■ Supplied data:
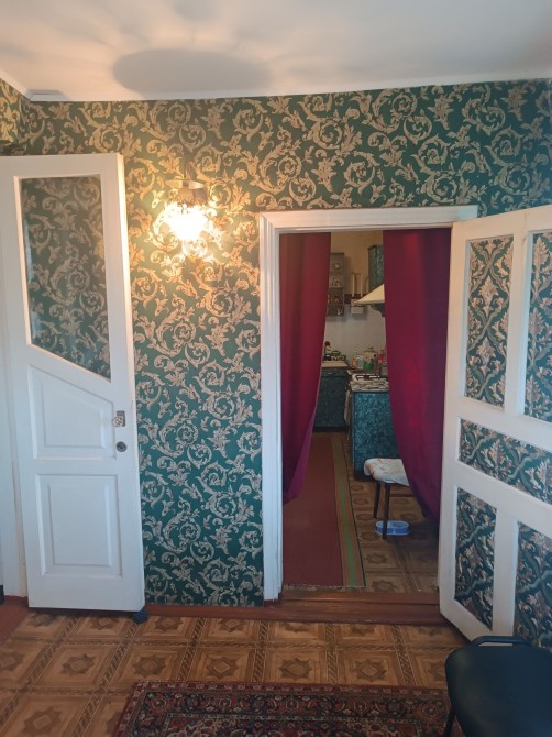 Красивый ремонт,дорогие обои,потолок лепнина,пол ДВП.
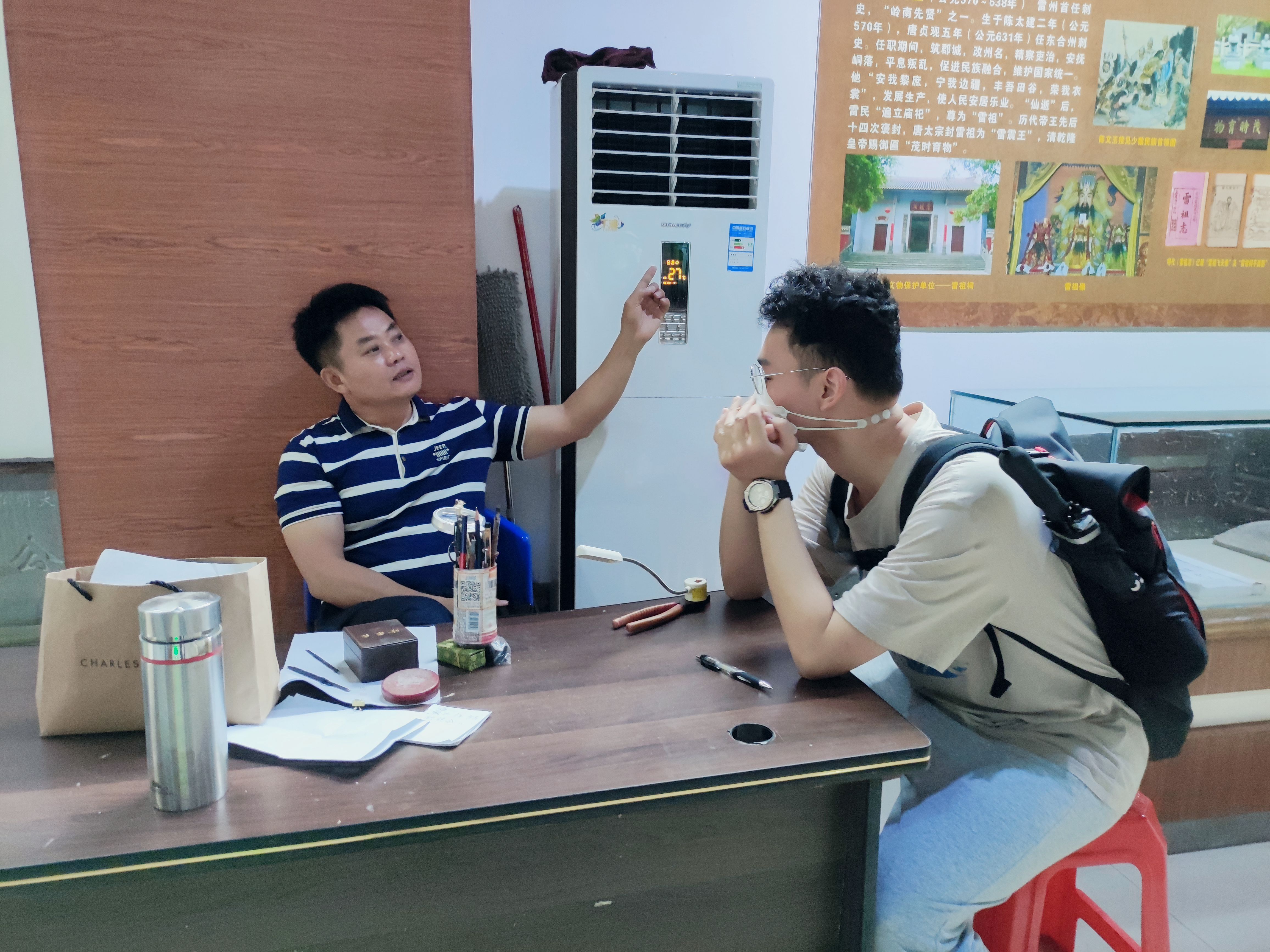 一名历史沿革厅的解说员在和队员交谈中得知了队伍的雷剧调研项目,非常乐意接受队伍的采访。他谈到,雷剧虽然是用雷州话唱的,但是在剧本等方面与粤剧具有相似性。雷剧很重要的意义在于颂神,例如供奉天后。天后是雷州的海神,在雷州具有很高的地位,雷州几乎所有的村庄都有天后宫。讲解员还介绍了雷剧在村庄的演出模式、重要的剧本《状元送子》、雷剧的腔调等,让队员们对雷剧有了更全面的认识。当今的雷剧已经有了一些创新,从唱腔来看,由于古时人们生活艰苦,雷剧唱腔主要是哭腔,腔调较单一,而现代专业的雷剧团已经在雷剧中加入了一些流行曲调,发展出现在喜悦、悲伤等不同的唱腔。讲解员虽然自己也喜欢听流行音乐,不听雷剧,认为年轻一代与雷剧有隔阂,但他认为雷剧不会消失,因为每年颂神都需要雷剧,只要神庙还在雷剧就不会失传。
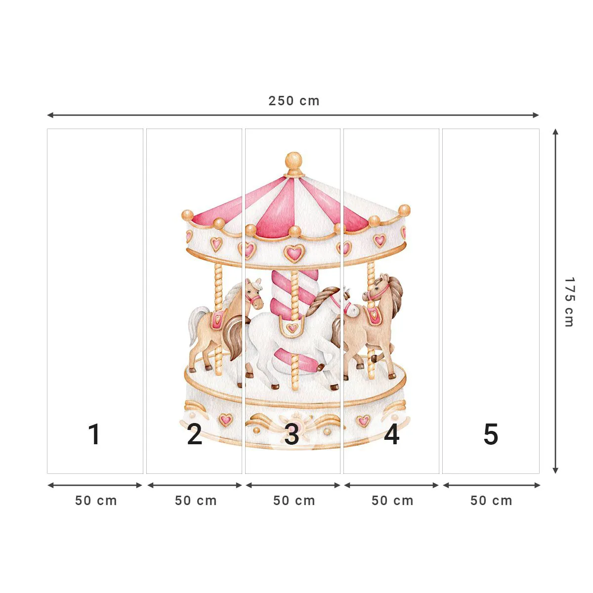 Fototapet Premium Sand - Barndommens søde verden - Merry-go-round, Girly, Heste - 250x175 cm
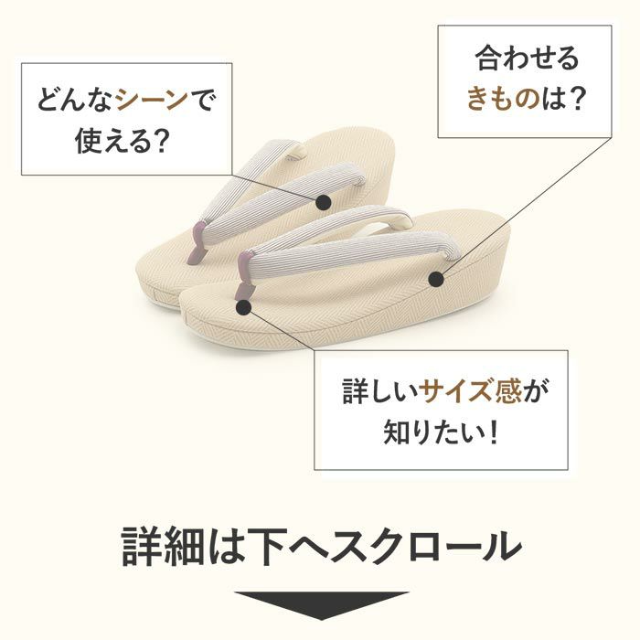 ヘリンボーンと縞模様がお洒落な日本製のクッション草履です。 草履表面は合成皮革を使用し、柔らかく弾力のある履き心地。 花緒は綿入りの布素材を使用し、やわらかな足あたりです。 土踏まずにフィットし、疲れにくいやさしい履き心地を提供します。 かかとの高さは約5cmと程良いヒール高で、歩きやすいソフト加工。 草履底にゴムを使用した草履は、滑りにくく、ふんわりと柔らかな履き心地です。 カジュアル着物に合わせやすいお洒落草履、きものライフの一員にいかがでしょうか。
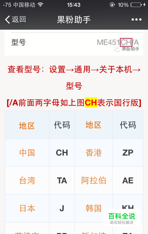 iPhone在世界各地都有销售,而且各地的价格都不一样,那么我们应该怎么来区别呢?这里给大家普及一个常识,中国地区的代码是CH,香港ZP,台湾TA,日本J,韩国KH,新加坡ZA,美国LL,这里就介绍几个大家购买较多的几个国家的代码。那么代码在哪里看呢,打开手机设置——通用——关于本机——型号。我们一般购买的都是国行的。
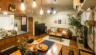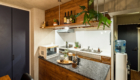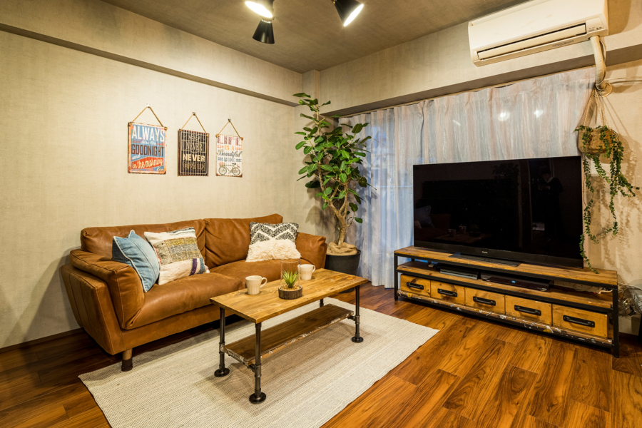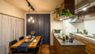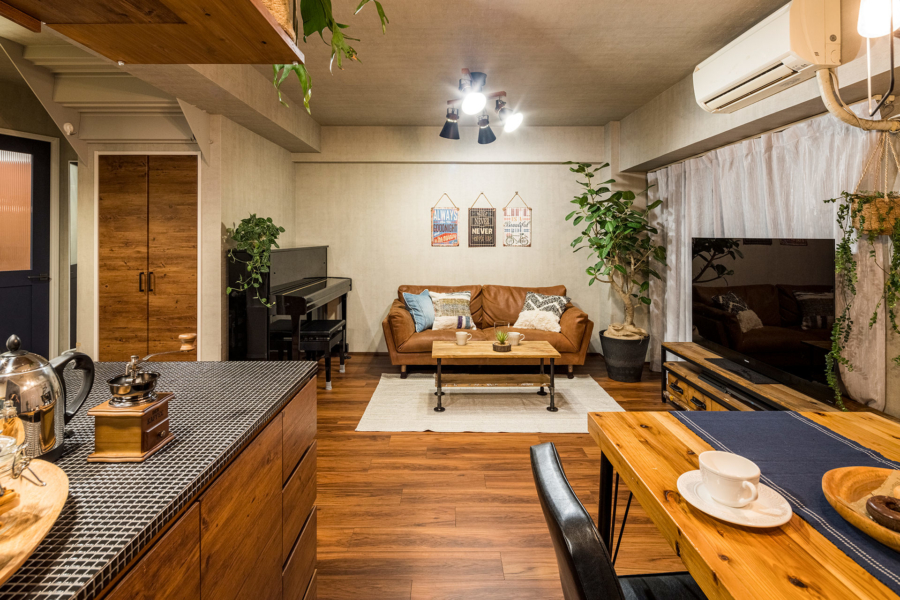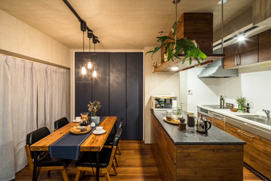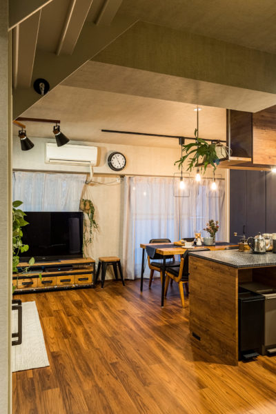コンパクトなLDKをどうやって広く動線よくするか。答えは廊下部分も部屋に取り込み、キッチンへのアクセスを良くすることでした。 インテリアのイメージとして、ウッディなビンテージモダンにするか、それまでの明るいホワイト系の床にあわせたインテリアにするかを悩まれていましたが、イメージ画像とお持ちの家具から温かみのあるビンテージスタイルに。カフェインテリアで楽しく賑やかな空間になりました。

■ Work task: Set down exactly and only the lines from the line that contains "Fototapet Premium Sand" through the last line of the entries above, with both of those lines included and the pictures left out.

■ Written solution:
 Fototapet Premium Sand - Barndommens søde verden - Merry-go-round, Girly, Heste - 250x175 cm
 ヘリンボーンと縞模様がお洒落な日本製のクッション草履です。 草履表面は合成皮革を使用し、柔らかく弾力のある履き心地。 花緒は綿入りの布素材を使用し、やわらかな足あたりです。 土踏まずにフィットし、疲れにくいやさしい履き心地を提供します。 かかとの高さは約5cmと程良いヒール高で、歩きやすいソフト加工。 草履底にゴムを使用した草履は、滑りにくく、ふんわりと柔らかな履き心地です。 カジュアル着物に合わせやすいお洒落草履、きものライフの一員にいかがでしょうか。
 iPhone在世界各地都有销售,而且各地的价格都不一样,那么我们应该怎么来区别呢?这里给大家普及一个常识,中国地区的代码是CH,香港ZP,台湾TA,日本J,韩国KH,新加坡ZA,美国LL,这里就介绍几个大家购买较多的几个国家的代码。那么代码在哪里看呢,打开手机设置——通用——关于本机——型号。我们一般购买的都是国行的。
コンパクトなLDKをどうやって広く動線よくするか。答えは廊下部分も部屋に取り込み、キッチンへのアクセスを良くすることでした。 インテリアのイメージとして、ウッディなビンテージモダンにするか、それまでの明るいホワイト系の床にあわせたインテリアにするかを悩まれていましたが、イメージ画像とお持ちの家具から温かみのあるビンテージスタイルに。カフェインテリアで楽しく賑やかな空間になりました。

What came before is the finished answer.